● **Task goal**:
Only one span is wanted from the lines below: from the one with "2025年5月15日,常州大" up to and including the one with "英足總公布足總杯1/4決賽比". Copy it exactly, without images.

● **Data shown**:
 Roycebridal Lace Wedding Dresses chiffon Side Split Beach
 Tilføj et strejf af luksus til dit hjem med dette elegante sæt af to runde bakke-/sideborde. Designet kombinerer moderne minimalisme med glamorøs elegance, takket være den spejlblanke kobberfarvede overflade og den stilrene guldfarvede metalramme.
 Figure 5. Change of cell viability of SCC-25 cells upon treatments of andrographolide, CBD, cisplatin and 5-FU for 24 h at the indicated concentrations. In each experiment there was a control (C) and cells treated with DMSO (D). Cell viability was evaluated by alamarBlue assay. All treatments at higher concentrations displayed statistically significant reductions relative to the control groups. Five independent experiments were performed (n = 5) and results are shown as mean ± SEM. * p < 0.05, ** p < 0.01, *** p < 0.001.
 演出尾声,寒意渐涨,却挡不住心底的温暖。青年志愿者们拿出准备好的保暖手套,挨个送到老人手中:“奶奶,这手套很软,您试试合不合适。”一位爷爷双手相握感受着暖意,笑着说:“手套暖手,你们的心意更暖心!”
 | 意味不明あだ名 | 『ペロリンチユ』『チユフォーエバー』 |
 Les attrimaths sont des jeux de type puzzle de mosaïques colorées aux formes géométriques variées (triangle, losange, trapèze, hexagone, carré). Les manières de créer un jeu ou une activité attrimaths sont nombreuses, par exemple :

==

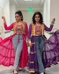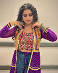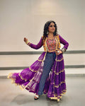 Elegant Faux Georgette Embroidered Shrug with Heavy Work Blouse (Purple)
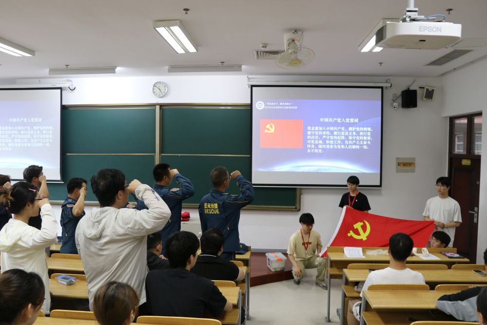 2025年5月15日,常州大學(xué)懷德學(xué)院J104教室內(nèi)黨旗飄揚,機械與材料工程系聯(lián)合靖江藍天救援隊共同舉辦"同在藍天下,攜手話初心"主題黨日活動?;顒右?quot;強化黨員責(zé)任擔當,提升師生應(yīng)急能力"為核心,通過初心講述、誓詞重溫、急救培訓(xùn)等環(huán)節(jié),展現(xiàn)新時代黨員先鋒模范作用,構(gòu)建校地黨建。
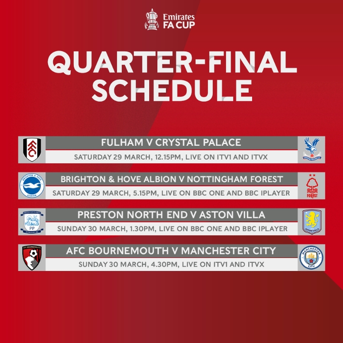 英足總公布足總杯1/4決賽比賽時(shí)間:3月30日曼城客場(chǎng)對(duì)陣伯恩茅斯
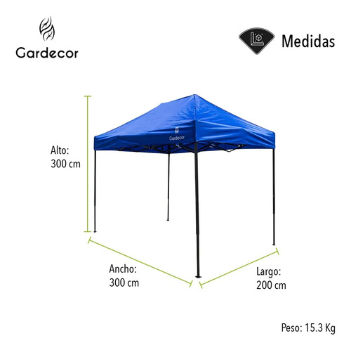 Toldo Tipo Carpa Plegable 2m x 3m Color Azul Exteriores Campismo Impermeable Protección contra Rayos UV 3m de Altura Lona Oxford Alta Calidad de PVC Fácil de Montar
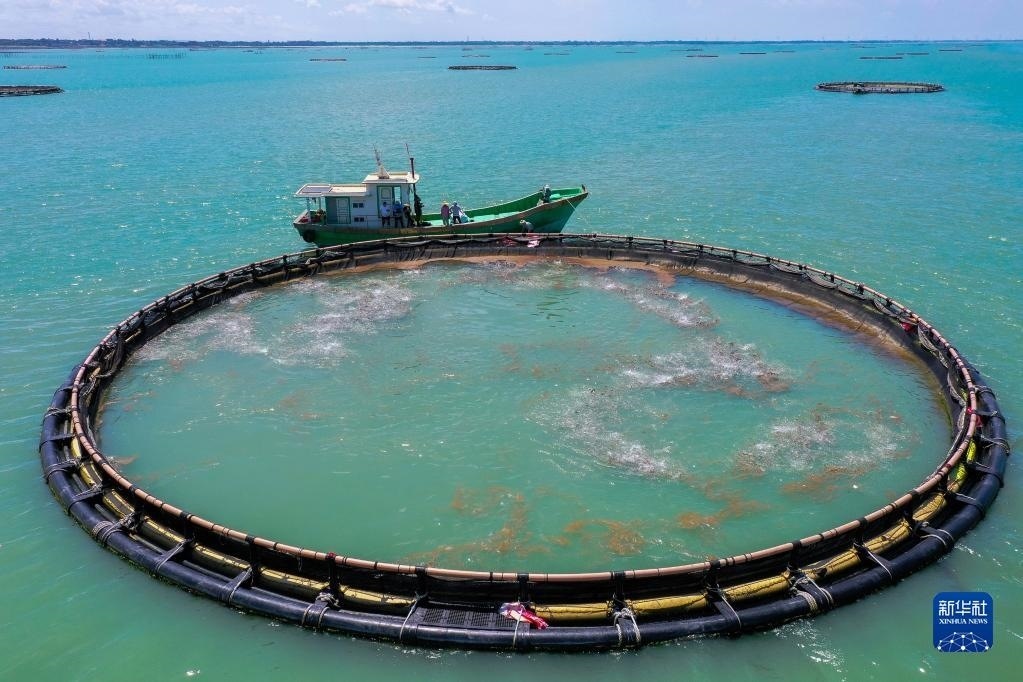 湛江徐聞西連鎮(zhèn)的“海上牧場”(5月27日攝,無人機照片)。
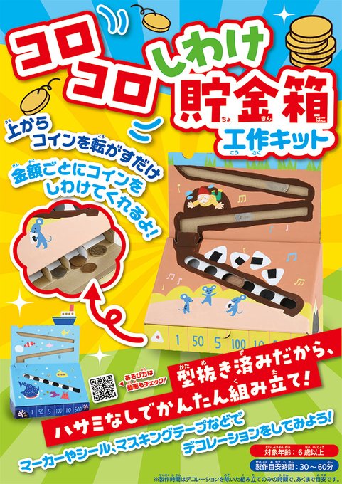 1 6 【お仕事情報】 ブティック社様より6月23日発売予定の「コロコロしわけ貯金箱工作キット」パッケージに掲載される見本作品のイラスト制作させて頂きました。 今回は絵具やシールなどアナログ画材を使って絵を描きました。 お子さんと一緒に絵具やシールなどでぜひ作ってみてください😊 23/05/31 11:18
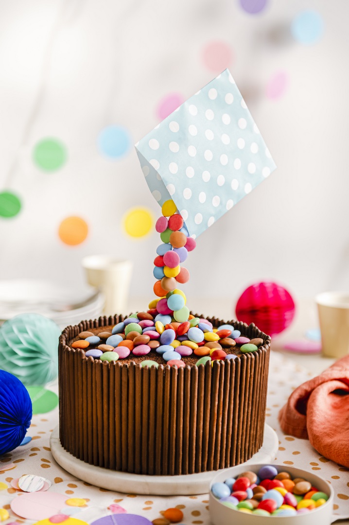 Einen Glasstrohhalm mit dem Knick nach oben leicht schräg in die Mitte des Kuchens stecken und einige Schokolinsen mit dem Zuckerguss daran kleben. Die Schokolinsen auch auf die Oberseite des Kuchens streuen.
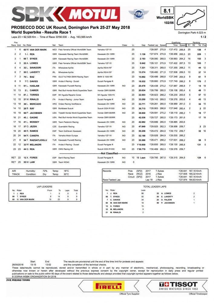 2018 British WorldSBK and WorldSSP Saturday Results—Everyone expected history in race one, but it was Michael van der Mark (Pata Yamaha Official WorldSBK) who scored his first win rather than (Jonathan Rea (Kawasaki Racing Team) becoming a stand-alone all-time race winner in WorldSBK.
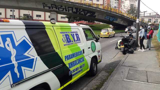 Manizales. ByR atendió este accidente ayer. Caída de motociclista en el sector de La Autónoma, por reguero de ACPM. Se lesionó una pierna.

● **Task response**:
 2025年5月15日,常州大學(xué)懷德學(xué)院J104教室內(nèi)黨旗飄揚,機械與材料工程系聯(lián)合靖江藍天救援隊共同舉辦"同在藍天下,攜手話初心"主題黨日活動?;顒右?quot;強化黨員責(zé)任擔當,提升師生應(yīng)急能力"為核心,通過初心講述、誓詞重溫、急救培訓(xùn)等環(huán)節(jié),展現(xiàn)新時代黨員先鋒模范作用,構(gòu)建校地黨建。
 英足總公布足總杯1/4決賽比賽時(shí)間:3月30日曼城客場(chǎng)對(duì)陣伯恩茅斯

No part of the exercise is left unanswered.